You are productizing things that you have a pretty good idea other customers can use?

Ajao: Yes. For example, with the retention-risk model, we actually do have data with numbers …  [for] a particular client of employees [who] we have predicted were going to leave and actually have left the company. We want to make sure before we say, 'OK, something is ready,' [that] we actually have a pretty good idea that it is working.

Mohammad Sabah: Just to expand a bit on that, we don't expect data scientists on this site, or on the site of the customer, to be involved at all. The software is going to be seamless. It expects some data. To keep it very simple, we expect to have a spreadsheet of 100 columns. You fill it out for us, or it can point us to where the data is. We separate that, either through Workday or through some other external system. We have a tool … that does that for us.

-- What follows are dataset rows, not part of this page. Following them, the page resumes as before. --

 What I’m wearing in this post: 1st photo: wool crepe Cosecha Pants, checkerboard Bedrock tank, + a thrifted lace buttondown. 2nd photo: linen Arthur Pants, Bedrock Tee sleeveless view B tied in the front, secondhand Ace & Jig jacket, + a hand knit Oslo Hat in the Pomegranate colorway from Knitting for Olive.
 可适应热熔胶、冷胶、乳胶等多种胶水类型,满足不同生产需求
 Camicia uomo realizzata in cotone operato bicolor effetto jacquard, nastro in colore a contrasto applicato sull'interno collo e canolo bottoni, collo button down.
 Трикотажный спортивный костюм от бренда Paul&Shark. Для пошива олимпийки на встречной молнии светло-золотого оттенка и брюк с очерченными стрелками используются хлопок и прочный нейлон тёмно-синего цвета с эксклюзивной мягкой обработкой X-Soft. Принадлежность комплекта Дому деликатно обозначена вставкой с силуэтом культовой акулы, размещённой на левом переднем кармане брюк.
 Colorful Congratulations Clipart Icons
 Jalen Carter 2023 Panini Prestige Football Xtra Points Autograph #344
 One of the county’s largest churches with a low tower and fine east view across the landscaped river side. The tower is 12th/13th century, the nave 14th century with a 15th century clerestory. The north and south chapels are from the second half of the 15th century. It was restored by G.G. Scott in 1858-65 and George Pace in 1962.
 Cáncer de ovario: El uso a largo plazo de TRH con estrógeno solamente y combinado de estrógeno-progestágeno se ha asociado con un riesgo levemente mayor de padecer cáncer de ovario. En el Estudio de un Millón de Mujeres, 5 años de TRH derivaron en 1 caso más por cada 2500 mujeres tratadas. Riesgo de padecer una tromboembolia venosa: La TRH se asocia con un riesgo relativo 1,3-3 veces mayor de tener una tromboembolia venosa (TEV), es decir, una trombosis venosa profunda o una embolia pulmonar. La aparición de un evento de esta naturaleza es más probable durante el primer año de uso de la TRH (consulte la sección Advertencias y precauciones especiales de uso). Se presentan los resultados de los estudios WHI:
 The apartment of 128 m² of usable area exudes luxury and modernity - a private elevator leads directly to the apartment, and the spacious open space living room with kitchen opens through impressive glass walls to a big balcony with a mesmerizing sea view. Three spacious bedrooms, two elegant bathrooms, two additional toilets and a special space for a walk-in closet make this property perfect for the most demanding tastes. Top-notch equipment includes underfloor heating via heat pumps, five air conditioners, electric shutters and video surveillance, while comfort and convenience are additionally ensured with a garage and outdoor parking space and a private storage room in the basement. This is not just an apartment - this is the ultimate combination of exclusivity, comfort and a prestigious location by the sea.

Here's the benefit of it: Amy [Gannaway, senior director of worldwide HRIS at VMware, in an analytics session at the conference] mentioned that one of the things that really impressed her ... was the accuracy with which we were able to predict, with the data that we have, the retention risk of employees. And we actually validated that, using data from the past, seeing what [would happen] over the next three years. We were able to predict pretty accurately what these employees are doing to do.

Ajao: This is not a change that is going to happen overnight. We think of this as the beginning of a conversation; the beginning of helping data be more present in decisions. We have a long, long way to go.

Can you talk about some other directions in applying data science to the financial side of the Workday data set?

Sabah: Financials is really a very rich space, even richer than HR, not just in the volume of transactions but also in the use cases that you can derive from it and the problems you can solve. In the case of expenses, imagine a big company. You have hundreds of expense reports that are getting assigned to managers for approval. How about if we automatically figure out if there is an anomalous transaction here or not? Based on that, you can really streamline the process. And also, that can lead you to proactively point out, what is the expense that I am going to incur over the next year, over the next quarter and so on? You can predict that with a high degree of accuracy.

Workday Rising logo

For collection, the use case is … if you are a B2B business, is this customer going to pay on time? Instead of taking steps after the fact, you actually can predict ... looking at the social factors ... if he is not going to be on time, you can start the process six months earlier than the deadline. It's like looking into the future and really giving recommendations.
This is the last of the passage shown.